→ WHAT THE EXERCISE ASKS: Print only the lines from the one with "За неделю бурных" through the end of the data, exactly, and please omit pictures.

→ THE DATA:
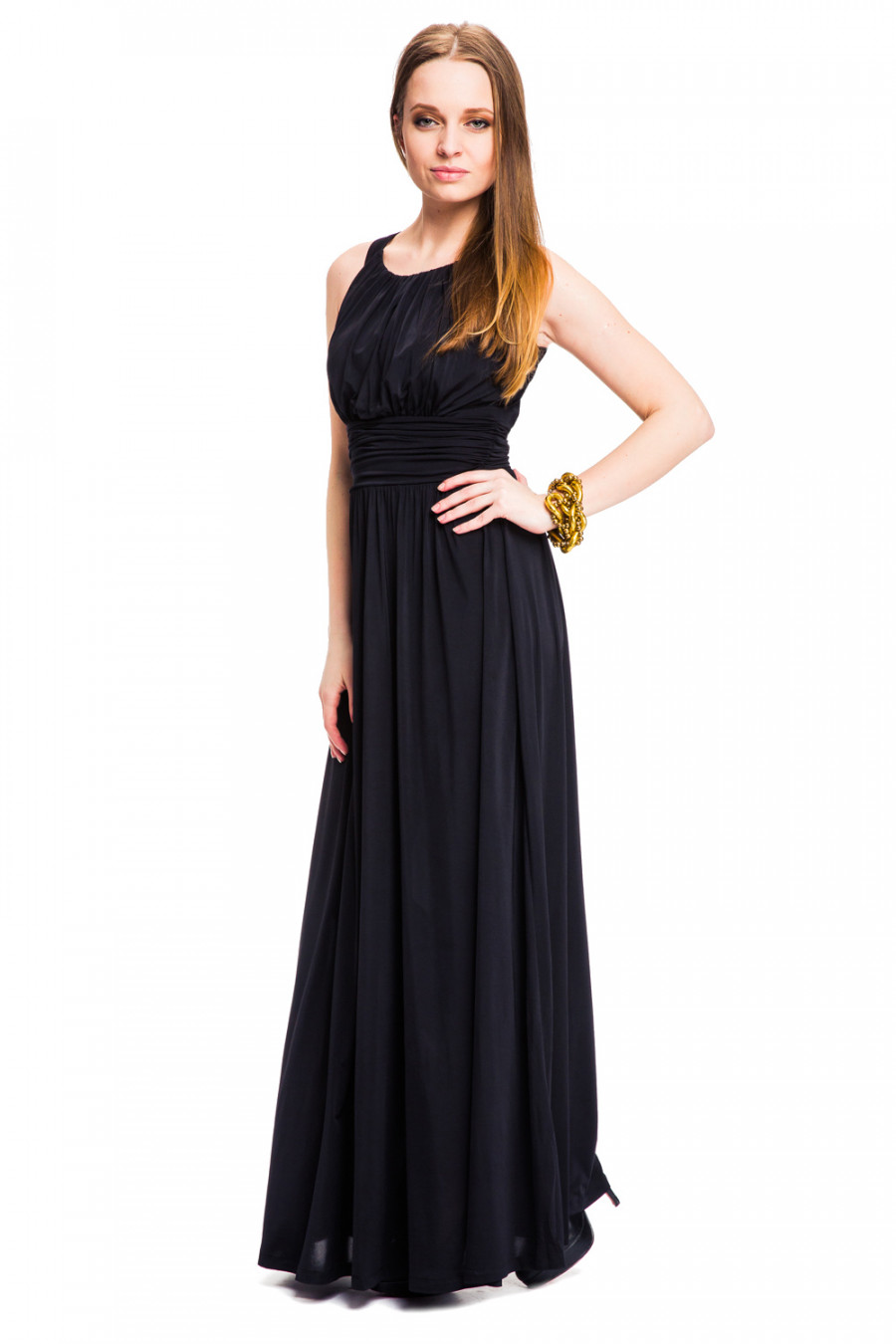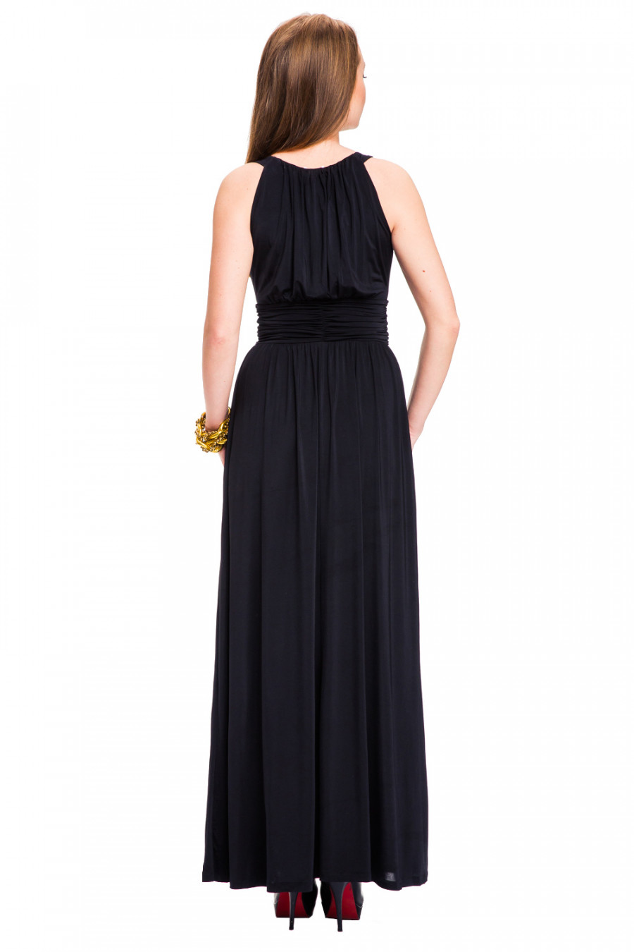 Длинное летнее платье, выполненное в оригинальном дизайне. Модель без рукавов приталенного покроя. Верхняя часть до линии талии драпирована мелкими складками, на талии широкая вставка-имитация пояса, также декорированная складками. Нижняя часть- юбка в пол. Модель выполнена из качественного струящегося материала. Изящная и нарядная модель для создания женственного образа.
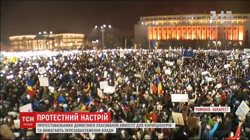 За неделю бурных протестов правительство все же отменило поправки в Уголовном кодексе, которые амнистировали коррумпированных и уже осужденных за это чиновников. Это людей уже не успокаивает. Люди и сегодня собираются выходить на улицу в семь вечера. Теперь народ требует отставки правительства. Таких больших демонстраций Бухарест не видел 25 лет.
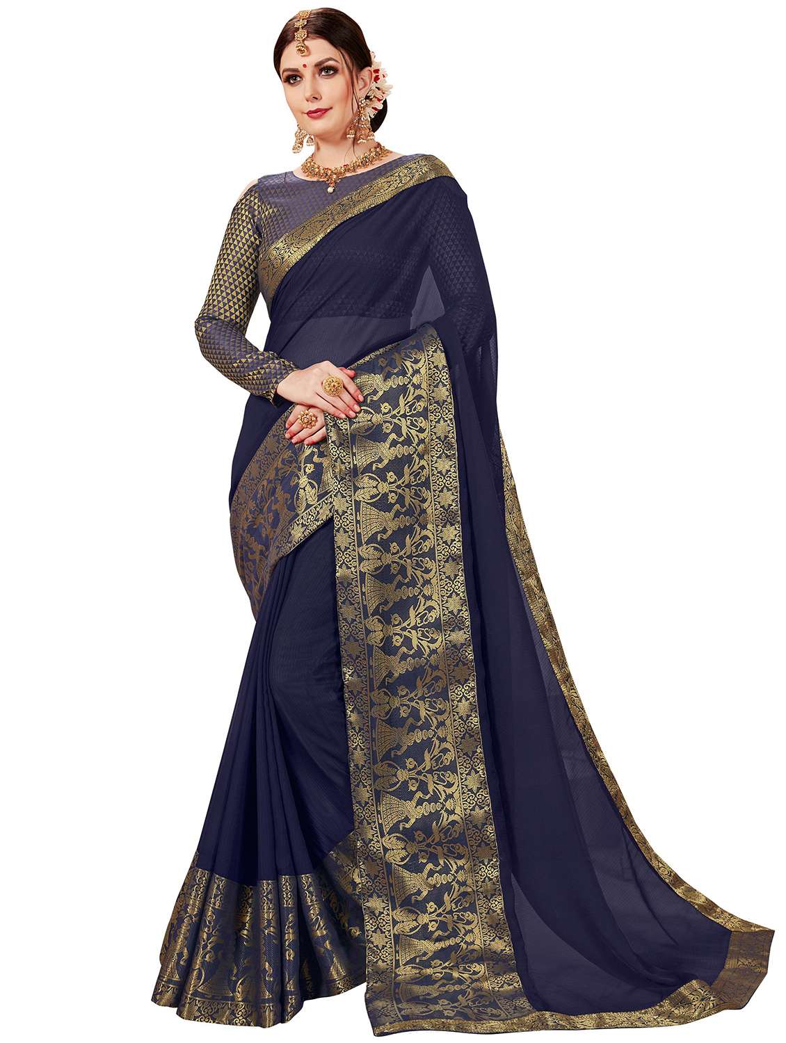 navy blue bordered saree with blouse
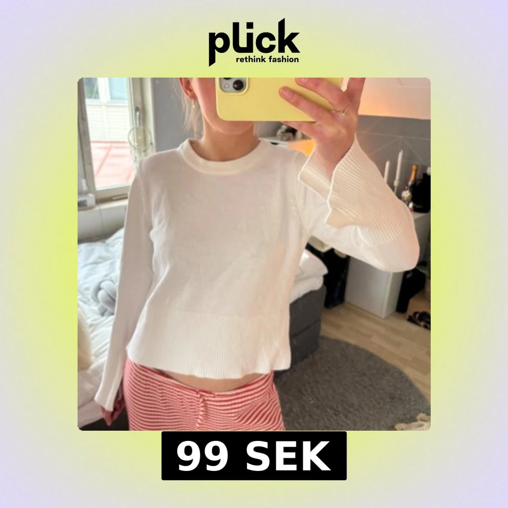 Vit stickad tröja. Använd fåtal gånger i storlek M men sitter som en S skulle jag säga!

→ ANSWER TO THIS PROBLEM:
 За неделю бурных протестов правительство все же отменило поправки в Уголовном кодексе, которые амнистировали коррумпированных и уже осужденных за это чиновников. Это людей уже не успокаивает. Люди и сегодня собираются выходить на улицу в семь вечера. Теперь народ требует отставки правительства. Таких больших демонстраций Бухарест не видел 25 лет.
 navy blue bordered saree with blouse
 Vit stickad tröja. Använd fåtal gånger i storlek M men sitter som en S skulle jag säga!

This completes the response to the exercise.